Does Anyone Really Need 3 Copies Of 'Porky's'??

When VCR's ruled the Earth we owned a pretty decent movie collection. Then, one day, we were forced to buy a DVD player and we were basically back to square one, building our movie collection again. Now some of you might be saying, "Forced? It was your CHOICE to buy a DVD player. Nobody put a gun to your head."

This is true, but then again, where do you go to rent the latest movies on VHS? Blockbuster? Rogers? Nope. If you want to rent a new movie you'd better have something besides a VCR at home, otherwise you're SOL.

Now back to the point.

The worst part about rebuilding your movie library is buying movies that you already bought once before. Sure there are some added features and extras or maybe it's a "Special Edition", but when it comes down to it you're buying the same movie. How much better is Revenge of the Nerds going to be on DVD as opposed to VHS?

Here we are a couple of years after buying our DVD player. Our DVD movie collection sucks. We have maybe a dozen movies on DVD, most of which are kids movies. I just can't bring myself to buy all of those old movies that I used to enjoy on tape a second time. Now we are on the cusp of yet another media change, whether it be Blu-Ray or some other HD format, it looks like everyone is going to be facing the possibility of rebuilding their movie collections yet again in the next 5 years or so.

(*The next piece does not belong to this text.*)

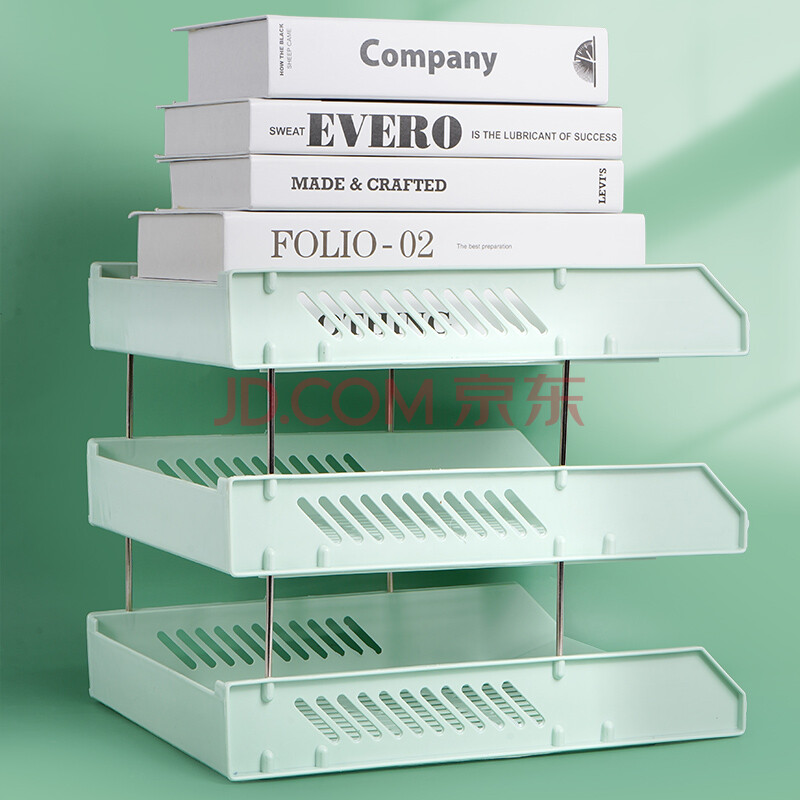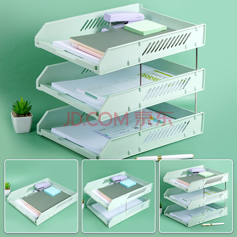 商品相册:西玛(SIMAA)莫兰迪三层镂空收纳文件座 自由拆卸组装三层文件盘/文件框/文件架 办公用品 抹茶绿6356第

Personally I think it's kind of a scam. As far as I'm concerned, when I originally shelled out $25 for the movie on VHS, I was paying for the movie. How is it fair that I have to pay for the same movie twice just because somebody decided to change the dominant media format. I didn't ask for this.

When you buy a CD, there is no problem with converting these music files to MP3 for your own listening pleasure. Why? Because when you bought the CD you paid for the songs not the format. Why are movied treated any differently.

Here is my dream of how things should run:

You go into a movie store and you buy a movie. What you get is a digital certificate and your movie on the media of your choice. Then two years later when the next best video format conquors the existing format you return to the store, present your digital certificate and exchange your old copy for a new copy on the new media (whatever that may be). It would even be acceptable to pay a small fee for the exchange. Something like 10% of the cost of the market price of said movie. This should also be true for Special Editions. Rather than buy the movie again outright, you should have the option to upgrade your existing copy.

I'm talking to you George Lucas! How many times am I going to have to buy the original Star Wars trilogy? I think 3 is my limit.

I just can't justify spending $100 for that trilogy a fourth time. Pirating movies is starting to sound better every day.